Manifesto: The Mad Farmer Liberation Front

Love the quick profit, the annual raise,
vacation with pay. Want more 
of everything ready made. Be afraid 
to know your neighbors and to die.
And you will have a window in your head.
Not even your future will be a mystery 
any more. Your mind will be punched in a card 
and shut away in a little drawer.
When they want you to buy something 
they will call you. When they want you
to die for profit they will let you know. 
So, friends, every day do something
that won’t compute. Love the Lord. 
Love the world. Work for nothing. 
Take all that you have and be poor.
Love someone who does not deserve it. 
Denounce the government and embrace 
the flag. Hope to live in that free 
republic for which it stands. 
Give your approval to all you cannot
understand. Praise ignorance, for what man 
has not encountered he has not destroyed.
Ask the questions that have no answers. 
Invest in the millennium. Plant sequoias.
Say that your main crop is the forest
that you did not plant,
that you will not live to harvest.


Say that the leaves are harvested 
when they have rotted into the mold.
Call that profit. Prophesy such returns.
Put your faith in the two inches of humus 
that will build under the trees
every thousand years.
Listen to carrion—put your ear
close, and hear the faint chattering
of the songs that are to come. 
Expect the end of the world. Laugh. 
Laughter is immeasurable. Be joyful
though you have considered all the facts. 
So long as women do not go cheap 
for power, please women more than men.
Ask yourself: Will this satisfy 
a woman satisfied to bear a child?
Will this disturb the sleep 
of a woman near to giving birth? 
Go with your love to the fields.
Lie easy in the shade.
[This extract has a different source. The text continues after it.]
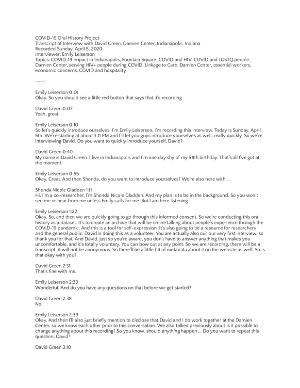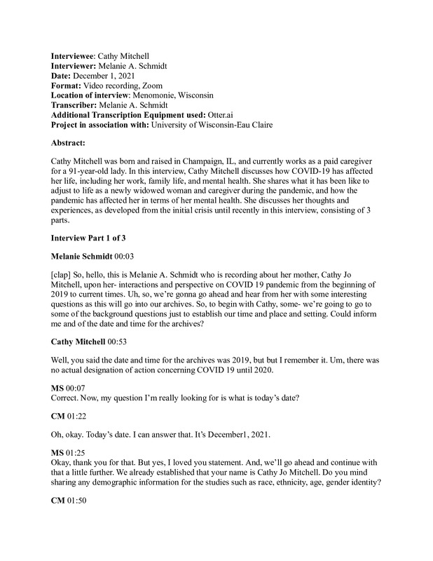 Cathy Mitchell was born and raised in Champaign, IL, and currently works as a paid caregiver for a 91-year-old lady. In this interview, Cathy Mitchell discusses how COVID-19 has affected her life, including her work, family life, and mental health. She shares what it has been like to adjust to life as a newly widowed woman and caregiver during the pandemic, and how the pandemic has affected her in terms of her mental health. She discusses her thoughts and experiences, as developed from the initial crisis until recently in this interview, consisting of 3 parts.

Rest your head 
in her lap. Swear allegiance 
to what is nighest your thoughts.
As soon as the generals and the politicos 
can predict the motions of your mind, 
lose it. Leave it as a sign 
to mark the false trail, the way 
you didn’t go. Be like the fox 
who makes more tracks than necessary, 
some in the wrong direction.
Practice resurrection.

Wendell Berry is a poet, farmer, and environmentalist in Kentucky. This poem, first published in 1973, is reprinted by permission of the author and appears in his “New Collected Poems” (Counterpoint).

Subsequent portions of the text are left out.